Однако в то время, когда иконоборчество на Востоке уже сходило на «нет», оно неожиданно возникло, хотя и в умеренных формах, на Западе. В известной степени этому способствовало догматическое равнодушие латинян к попыткам раскрыть мистическое существо иконы как образа. Помимо этого, довлела политическая конъюнктура: папы, нередко предельно ригоричные и «легкие» в своем пренебрежении к византийским царям, млели , когда на них обращали строгий взор франкские короли. А потому послушно терпели богословские несуразицы, рожденные в головах галльских (франкских) епископов и их царственных владык, пусть даже догматические позиции франков и шли вразрез с папской точкой зрения, а также соборными определениями признанных понтификами восточных Соборов.

Уже Франкфуртский собор 794 года, где собрались франкские архиереи, возмутился «греческой ересью» VII Вселенского Собора 787 года. Чуть позднее несколько авторитетных галльских епископов открыто выступили против почитания икон. А Туринский епископ Клавдий, этнический испанец, которого поставил на архиерейскую кафедру сам франкский король Людовик Благочестивый (814-840), объявил себя врагом креста и святых мощей, до чего не доходили в Константинополе даже крайние иконофобы. Заблуждение франкских епископов было столь сильным, что в 825 году на Парижском соборе поклонение иконам было вновь отвергнуто, а копия соборного определения направлена Римскому папе как прямой укор в его адрес по поводу признания понтификом VII Вселенского Собора .

Возникла крайне неприятная для Рима ситуация, которую папы попытались разрешить на нескольких западных Соборах. Соглашаясь с сомнительными богословскими рецептами франков, они подрывали свой авторитет на Востоке как непогрешимой и первой кафедры Кафолической Церкви. Но и выступать против франков было себе дороже: в те десятилетия папы целиком и полностью зависели от них. Учение епископа Клавдия в мягких выражениях признали крайностью, а в 863 году при Римском папе Николае I (858-867) был созван Собор, который объявил, что при помощи живописи человек может-таки подняться до созерцания Христа.

Но хотя Западная Церковь и реципировала в конце концов VII Вселенский Собор, в целом она оставалась на умеренно иконоборческих позициях Франкфуртского собора 794 года. И не случайно даже в XIII веке Гийом Дуранд в своем трактате писал, что «картины и украшения в храмах суть учение и писание мирян; мы поклоняемся образам как постоянной памяти и напоминанию о вещах, совершенных давным-давно» . Думается, преподобные Иоанн Дамаскин и Феодор Студит с легкой душой и вполне обоснованно осудили бы такое убогое понимание святого образа.

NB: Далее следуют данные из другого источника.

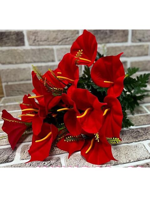 Цветы искусственные декоративные Букет каллы (7 цветков + зелень) 62 см
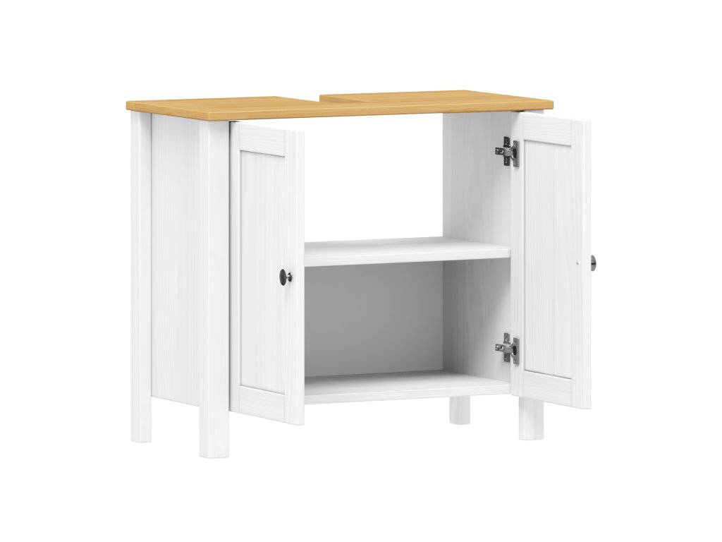 Vyrobena z masivního borovicového dřeva, skříňka je pevná a odolná vůči vlhkosti, což je klíčové pro koupelnové prostředí.
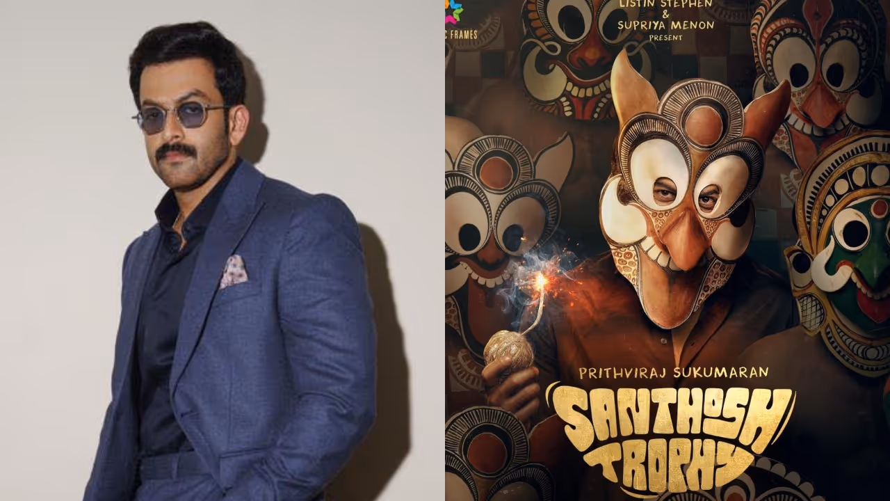 വിപിൻദാസ് സംവിധാനം ചെയ്യുന്ന 'സന്തോഷ് ട്രോഫി' എന്ന പുതിയ ചിത്രത്തിന്റെ ഫസ്റ്റ് ലുക്ക് പുറത്തിറങ്ങി. പൃഥ്വിരാജ് നായകനായി എത്തുന്ന ഈ സിനിമയിൽ അദ്ദേഹത്തോടൊപ്പം അറുപതോളം പുതുമുഖങ്ങളും പ്രധാന വേഷങ്ങളിൽ എത്തുന്നു.

Мотивы иконоборчества и его вожди

Чем же были обусловлены описанные выше события? Как известно, на этот счет уже сформировался ряд «общепризнанных» гипотез, односторонность которых вынуждает отнестись к ним повнимательней. Разумеется, иконоборчество было ересью. Никто из серьезных ученых не оспаривает также того факта, что в некоторые моменты времени гонения на почитателей святых икон были кровавыми, а жертвы - многочисленными. Но, противопоставляя иконоборцев клиру, находя в многогранной и талантливой личности императора Льва III Исавра только одно навязчивое и демоническое желание погубить Церковь , полагая, будто для иконоборчества не существовало никаких объективных причин, зачастую предлагают объяснения, не выдерживающие проверки историей и здравым смыслом. Например, в союзники императора записывают различных идейных врагов Православия - иудеев, арабов, сектантов, которые якобы и сформировали идеологическую основу новой ереси.

Но спрашивается, зачем императору было восставать против Церкви, разрушая веками сложившееся «симфоническое» единство? Для того, отвечают, чтобы распространить свою власть на Церковь и лишить ее материальной базы, попутно резко ослабив монашество, из среды которого выходили наиболее непримиримые противники идеологии «цезаропапизма», столь любимой царской властью. В целом иконоборчество зачастую рассматривается как неудачная попытка государства подчинить себе Церковь.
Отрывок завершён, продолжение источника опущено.